When Andres Morey went through Y Combinator with Octopart, an electronic components search engine startup in 2007, people looked at him like he was crazy: "You're working on an Internet startup? How are you gonna make money? There's no money in the Internet."
This was the post-dot-com bubble burst reality, when Internet companies were viewed with deep skepticism. Yet for Andres and his YC cohort, building an Internet company was obvious. It was simply the easiest and most sensible way to start a business. Many of the young internet companies of this time would prove skeptics wrong, including Octopart, which was acquired after nearly a decade of growth.
Now, seventeen years later, Andres is experiencing déjà vu. After his successful exit from Octopart and taking time to start a family, he's back in the entrepreneurial game—this time in open source. And the parallels to those early Internet days are striking.
"I think that the energy around open core companies is similar to the energy around Internet startups when we did Y Combinator," Andres reflects. "Many have their doubts on whether or not open source can succeed commercially, but for the people doing it, it’s just the best way to build a product."
His latest project, Kubetail, is a compelling case study for this thesis. What started as a personal solution to a Kubernetes logging problem has evolved into a growing open source community—one that recently completed OCV's Catalyst program with impressive results.
Kubetail: Cutting through Kubernetes logging hell
The Kubetail story began with a familiar developer frustration. After selling Octopart, Andres wanted to dive back into coding. But when he started working with Kubernetes, he hit a wall: there was no built-in way to view logs from multiple containers in one unified stream. Instead, developers had to manually switch between pods in the Kubernetes Dashboard or write custom scripts just to follow what their services were doing in real time.
The solutions that existed came from enterprise giants like Datadog, Grafana, and New Relic—companies with multibillion-dollar valuations and feature-rich platforms designed for large enterprises. For a solo developer or small team, these tools can be overkill and inaccessible.
"As a single developer, I wanted these tools to just exist as part of Kubernetes," Andres explains. "After setting up Kubernetes, you should get these observability tools."
Six months later, he built Kubetail, a lightweight, browser-based logging dashboard for Kubernetes optimized for tailing logs across multi-container workloads in real-time through a clean and modern interface. The dashboard is designed to be user-friendly and can be installed inside a cluster easily using Helm. The technical architecture reflects modern development practices—TypeScript and React on the frontend, Go for the backend, and Rust for performance-critical components—creating a full-stack app that attracts developers interested in contributing across the entire development stack.
Andres launched Kubetail on Hacker News, landing on the front page.

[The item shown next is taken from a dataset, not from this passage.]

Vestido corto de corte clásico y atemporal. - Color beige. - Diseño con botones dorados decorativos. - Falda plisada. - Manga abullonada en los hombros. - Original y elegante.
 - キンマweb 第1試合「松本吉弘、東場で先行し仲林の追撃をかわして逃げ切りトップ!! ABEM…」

It picked up some interest and a few hundred GitHub stars, but a few days later, momentum stalled and things went quiet.
Kubetail in Catalyst
Despite his entrepreneurial experience, Andres faced a learning curve when it came to open source community building. His initial approach, like many open source authors, was purely technical: build something excellent and let word-of-mouth handle the rest. "I was just basically working quietly, thinking, you know, if you build it, they will come," he shared. "It’s going to be so good and so useful that people are just naturally going to find it." For over a year, this meant working on his own while growth on the project remained stagnant. It was an unexpected email from OCV that changed everything for Kubetail, leading to his acceptance into the Catalyst sponsorship program.
The transformation was dramatic. In Catalyst, Kubetail's metrics soared: GitHub stars jumped from around 300 to over 1,300, while the contributor base expanded from 3 to 34 people. Most importantly, that empty Discord server now hosts over 50 active community members, with about 10 contributors working on the project weekly.

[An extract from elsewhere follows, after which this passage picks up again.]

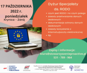 Osoby chcące skorzystać z poradnictwa prosimy o wcześniejszy kontakt telefoniczny pod nr 531 789 964 lub e-mailowy biuro@stowarzyszenieproactive.pl w celu ustalenia godziny konsultacji

Andres reflected on the shift:
"Before I started, there was zero community. I had a Discord server, and I was the only one in it—just sitting there working alone every day. Then I started working with you and following your week-by-week guidance on where to focus. It really helped me with everything from Reddit outreach to reviewing the GitHub readme, which we grew from around 300 stars to over 1,300. But more significantly, the community took off. Before Catalyst, there were no users in Discord. Now there are over 50."

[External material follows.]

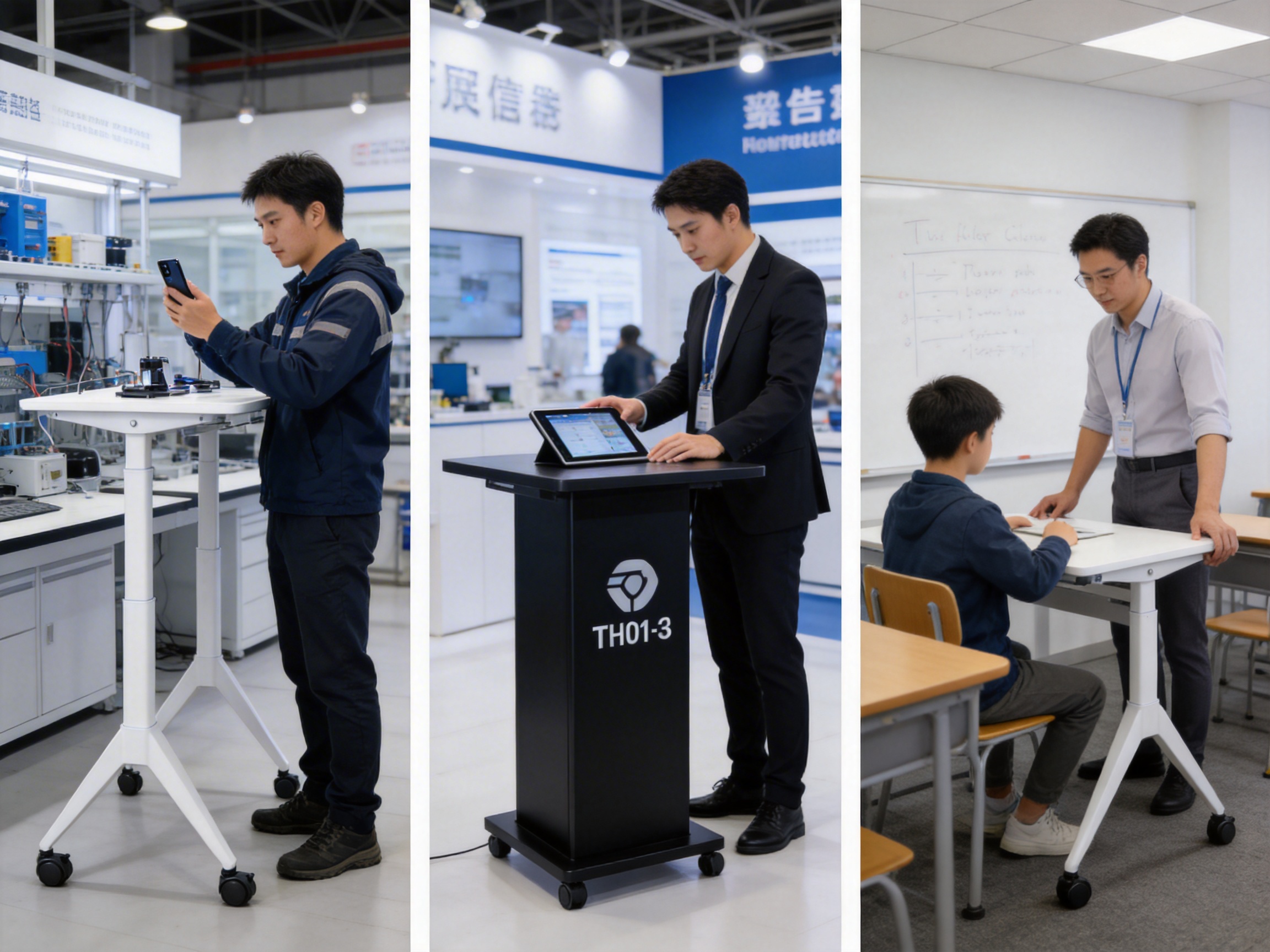 Sales teams in retail and tech industries need to demonstrate products to clients in different settings (e.g., conference rooms, trade shows). The TH01-3’s mobility makes it easy to transport, and its adjustable height allows salespeople to present products at eye level for clients (whether seated or standing). The custom color options also let businesses brand the desk with their logo or colors, enhancing brand visibility.

The hands-on mentorship from the OCV team offered in the Catalyst program proved invaluable for someone with deep technical skills but limited experience in community building. It helped shift his routine from pure coding to balancing development with community engagement and contributor support.
In crowded spaces, community scales
What makes Kubetail's growth particularly interesting is its strategic positioning. Rather than trying to compete directly with the enterprise giants, the project occupies a specific niche: plug-and-play observability for Kubernetes-focused developers and small teams.
Users typically deploy Kubetail alongside comprehensive solutions like Loki and Kibana, preferring Kubetail's interface for real-time log visualization while relying on established tools for archiving and advanced features. It's a complementary approach that avoids direct competition while serving an underserved market segment.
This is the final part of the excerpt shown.